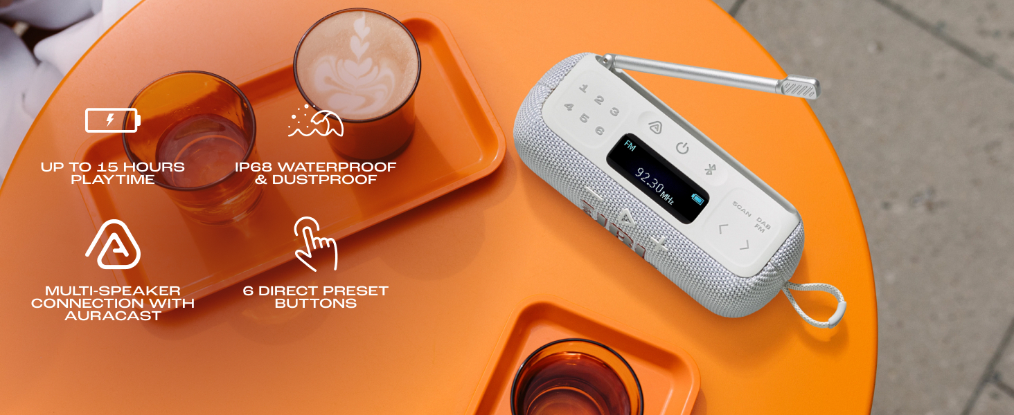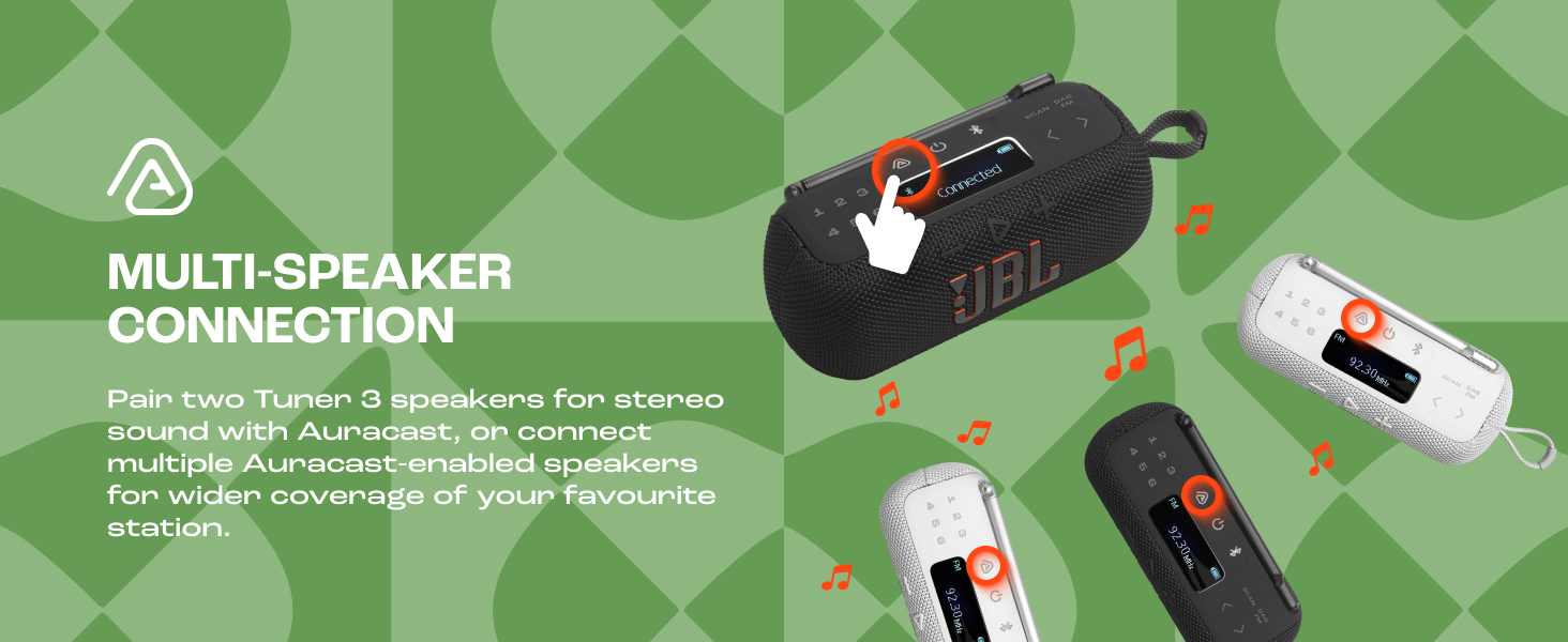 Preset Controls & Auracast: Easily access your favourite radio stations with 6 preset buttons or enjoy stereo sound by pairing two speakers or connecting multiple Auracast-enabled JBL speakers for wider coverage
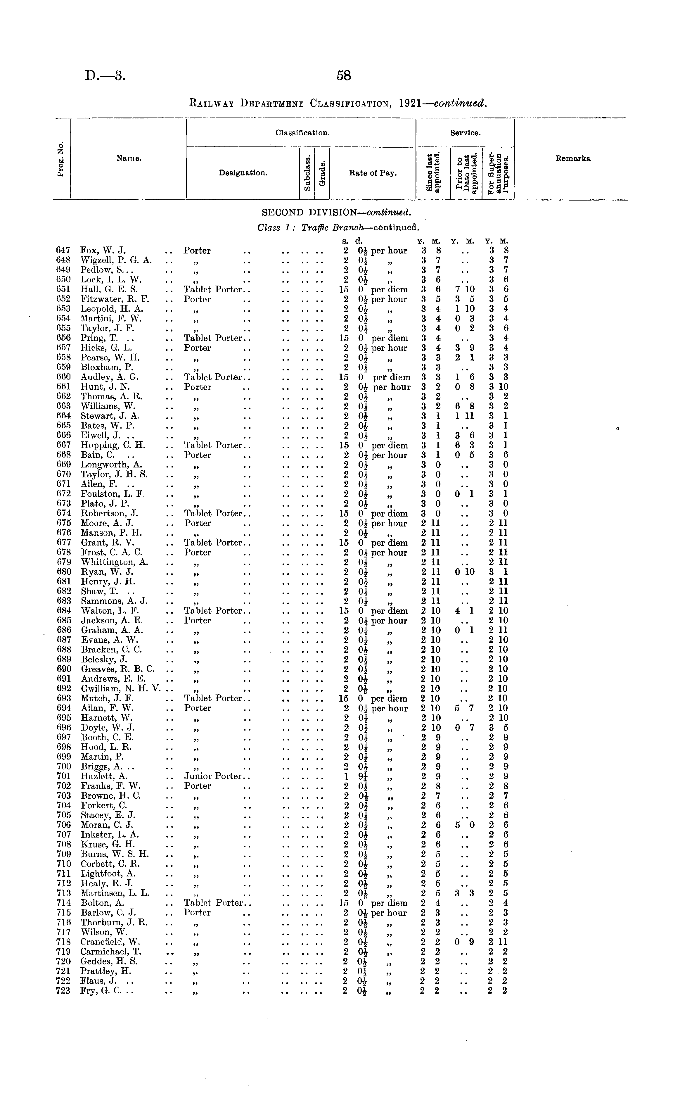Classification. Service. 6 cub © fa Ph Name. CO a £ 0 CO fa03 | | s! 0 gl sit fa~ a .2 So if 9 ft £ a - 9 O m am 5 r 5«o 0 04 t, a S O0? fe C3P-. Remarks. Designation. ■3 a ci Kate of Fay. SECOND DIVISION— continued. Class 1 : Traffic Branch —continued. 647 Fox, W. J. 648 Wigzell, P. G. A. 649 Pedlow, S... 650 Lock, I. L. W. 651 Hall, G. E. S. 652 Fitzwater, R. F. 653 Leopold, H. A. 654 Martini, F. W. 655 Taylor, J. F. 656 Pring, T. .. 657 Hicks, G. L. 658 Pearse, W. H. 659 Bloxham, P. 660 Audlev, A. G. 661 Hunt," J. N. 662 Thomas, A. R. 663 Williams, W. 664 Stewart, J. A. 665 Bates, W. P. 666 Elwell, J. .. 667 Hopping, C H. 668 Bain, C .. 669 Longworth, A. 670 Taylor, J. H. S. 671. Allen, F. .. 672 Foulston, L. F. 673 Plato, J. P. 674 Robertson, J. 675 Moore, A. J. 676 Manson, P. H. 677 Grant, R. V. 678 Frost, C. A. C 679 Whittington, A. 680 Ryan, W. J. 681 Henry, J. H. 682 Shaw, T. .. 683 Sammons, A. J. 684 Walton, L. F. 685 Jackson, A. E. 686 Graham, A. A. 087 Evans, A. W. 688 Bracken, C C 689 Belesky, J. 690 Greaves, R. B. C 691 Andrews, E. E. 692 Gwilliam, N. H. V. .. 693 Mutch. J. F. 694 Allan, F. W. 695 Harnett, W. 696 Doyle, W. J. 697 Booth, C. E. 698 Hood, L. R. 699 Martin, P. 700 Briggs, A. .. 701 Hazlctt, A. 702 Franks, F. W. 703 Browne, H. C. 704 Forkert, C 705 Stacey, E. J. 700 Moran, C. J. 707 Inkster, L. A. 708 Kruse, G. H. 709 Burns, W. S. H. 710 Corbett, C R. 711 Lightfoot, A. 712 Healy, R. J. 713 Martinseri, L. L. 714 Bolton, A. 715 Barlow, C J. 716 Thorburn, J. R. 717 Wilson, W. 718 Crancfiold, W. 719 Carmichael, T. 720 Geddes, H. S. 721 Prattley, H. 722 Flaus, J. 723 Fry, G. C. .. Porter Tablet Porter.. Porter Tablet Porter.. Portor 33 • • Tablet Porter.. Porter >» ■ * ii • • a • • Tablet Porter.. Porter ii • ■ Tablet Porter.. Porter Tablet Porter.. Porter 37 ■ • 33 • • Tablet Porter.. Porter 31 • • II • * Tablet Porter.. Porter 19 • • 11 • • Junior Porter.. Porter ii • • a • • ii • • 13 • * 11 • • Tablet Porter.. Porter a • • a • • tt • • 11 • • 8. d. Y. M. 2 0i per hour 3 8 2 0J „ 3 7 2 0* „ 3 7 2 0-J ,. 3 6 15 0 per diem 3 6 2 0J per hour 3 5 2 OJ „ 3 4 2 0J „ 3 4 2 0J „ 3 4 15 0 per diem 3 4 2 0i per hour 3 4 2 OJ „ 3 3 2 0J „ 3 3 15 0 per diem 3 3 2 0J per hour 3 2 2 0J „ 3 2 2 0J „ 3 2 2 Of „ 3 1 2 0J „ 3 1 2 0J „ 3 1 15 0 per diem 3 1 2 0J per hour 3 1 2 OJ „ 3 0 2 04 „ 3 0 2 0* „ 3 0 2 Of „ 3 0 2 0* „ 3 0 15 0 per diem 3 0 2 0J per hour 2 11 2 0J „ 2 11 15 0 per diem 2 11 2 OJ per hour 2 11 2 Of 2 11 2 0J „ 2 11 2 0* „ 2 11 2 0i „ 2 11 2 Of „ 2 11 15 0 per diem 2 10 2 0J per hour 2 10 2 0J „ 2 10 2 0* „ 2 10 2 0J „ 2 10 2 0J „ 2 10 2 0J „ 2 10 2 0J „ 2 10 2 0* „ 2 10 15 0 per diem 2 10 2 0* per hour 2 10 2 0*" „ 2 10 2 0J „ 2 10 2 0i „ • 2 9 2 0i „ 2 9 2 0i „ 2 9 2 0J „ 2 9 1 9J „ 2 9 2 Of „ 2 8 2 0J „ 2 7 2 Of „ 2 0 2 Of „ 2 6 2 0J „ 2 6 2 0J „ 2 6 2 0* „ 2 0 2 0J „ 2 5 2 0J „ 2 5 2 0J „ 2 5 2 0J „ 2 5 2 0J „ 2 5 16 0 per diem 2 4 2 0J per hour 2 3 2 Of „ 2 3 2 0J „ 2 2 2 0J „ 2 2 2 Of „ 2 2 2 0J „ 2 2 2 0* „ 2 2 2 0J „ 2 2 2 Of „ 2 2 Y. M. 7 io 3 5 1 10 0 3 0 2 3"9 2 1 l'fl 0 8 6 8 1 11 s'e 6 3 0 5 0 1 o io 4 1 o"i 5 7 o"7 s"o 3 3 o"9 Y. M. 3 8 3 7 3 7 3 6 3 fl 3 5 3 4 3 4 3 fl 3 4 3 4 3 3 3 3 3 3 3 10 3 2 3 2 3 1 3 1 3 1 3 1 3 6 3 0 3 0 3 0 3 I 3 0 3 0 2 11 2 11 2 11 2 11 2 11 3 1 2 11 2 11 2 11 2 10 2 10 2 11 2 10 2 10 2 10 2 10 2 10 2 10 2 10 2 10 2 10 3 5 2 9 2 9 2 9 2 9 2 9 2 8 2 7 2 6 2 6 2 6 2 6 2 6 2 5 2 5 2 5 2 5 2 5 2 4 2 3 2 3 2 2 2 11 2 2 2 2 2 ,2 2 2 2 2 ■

#####

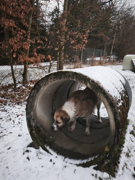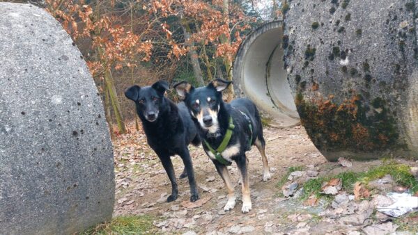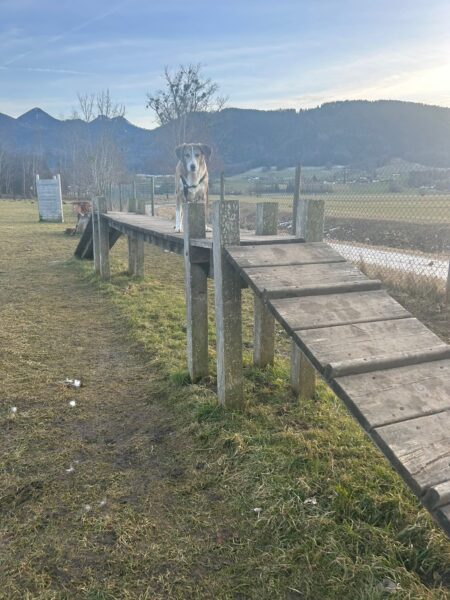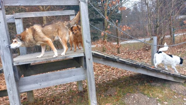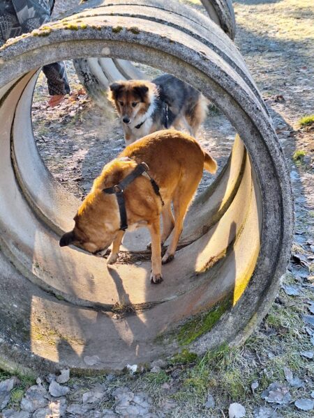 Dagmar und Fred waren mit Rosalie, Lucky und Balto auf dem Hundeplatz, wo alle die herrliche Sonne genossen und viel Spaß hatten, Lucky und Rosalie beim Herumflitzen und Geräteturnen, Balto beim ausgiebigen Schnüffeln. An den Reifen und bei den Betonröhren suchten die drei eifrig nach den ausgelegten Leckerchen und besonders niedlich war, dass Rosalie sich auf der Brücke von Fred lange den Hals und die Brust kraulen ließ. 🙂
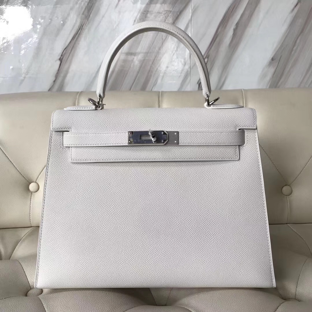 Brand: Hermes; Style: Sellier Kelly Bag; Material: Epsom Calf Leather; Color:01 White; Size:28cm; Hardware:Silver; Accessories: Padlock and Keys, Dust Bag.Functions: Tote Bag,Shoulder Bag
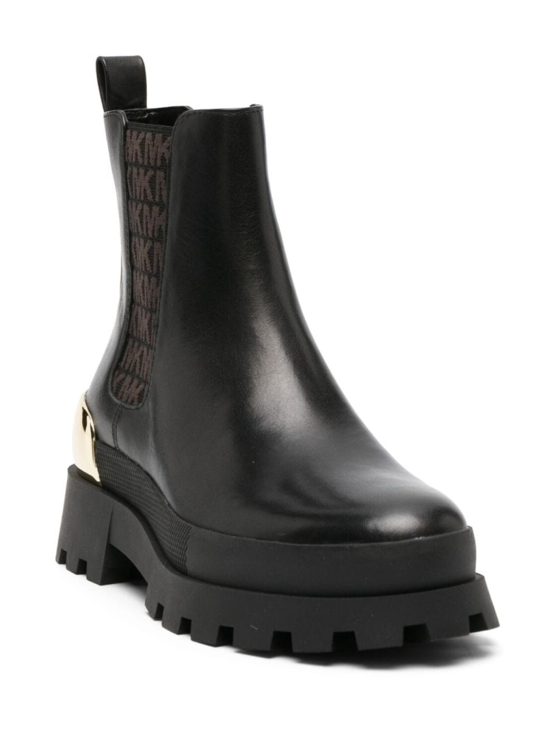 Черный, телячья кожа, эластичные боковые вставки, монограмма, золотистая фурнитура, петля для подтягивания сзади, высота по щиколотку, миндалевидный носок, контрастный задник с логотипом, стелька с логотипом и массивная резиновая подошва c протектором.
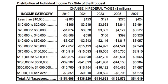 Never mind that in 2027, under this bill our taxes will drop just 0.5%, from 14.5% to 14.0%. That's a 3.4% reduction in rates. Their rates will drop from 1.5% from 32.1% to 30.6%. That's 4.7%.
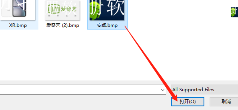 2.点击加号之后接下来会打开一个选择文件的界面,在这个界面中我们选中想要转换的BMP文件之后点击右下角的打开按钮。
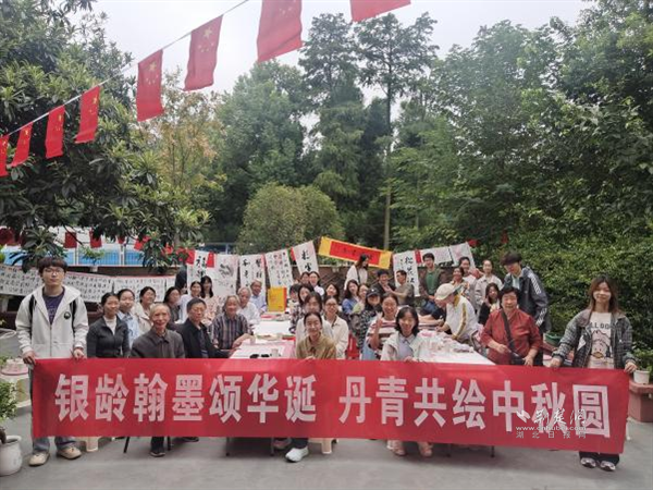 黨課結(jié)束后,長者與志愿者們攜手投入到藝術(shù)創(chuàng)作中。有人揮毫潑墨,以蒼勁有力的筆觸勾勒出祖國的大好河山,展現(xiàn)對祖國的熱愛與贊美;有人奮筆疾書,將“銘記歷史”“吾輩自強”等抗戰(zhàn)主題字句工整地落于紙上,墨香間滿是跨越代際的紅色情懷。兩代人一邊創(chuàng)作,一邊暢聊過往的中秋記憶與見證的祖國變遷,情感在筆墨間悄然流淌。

#####

> **EXERCISE DESCRIPTION**: Using the entries above, reproduce word for word only the lines from the one that contains "2.点击加号之后接下来会打开" to the one that contains "黨課結(jié)束后,長者與", both ends included, and drop every picture.

> **SOLUTION TO THE PROBLEM**:
 2.点击加号之后接下来会打开一个选择文件的界面,在这个界面中我们选中想要转换的BMP文件之后点击右下角的打开按钮。
 黨課結(jié)束后,長者與志愿者們攜手投入到藝術(shù)創(chuàng)作中。有人揮毫潑墨,以蒼勁有力的筆觸勾勒出祖國的大好河山,展現(xiàn)對祖國的熱愛與贊美;有人奮筆疾書,將“銘記歷史”“吾輩自強”等抗戰(zhàn)主題字句工整地落于紙上,墨香間滿是跨越代際的紅色情懷。兩代人一邊創(chuàng)作,一邊暢聊過往的中秋記憶與見證的祖國變遷,情感在筆墨間悄然流淌。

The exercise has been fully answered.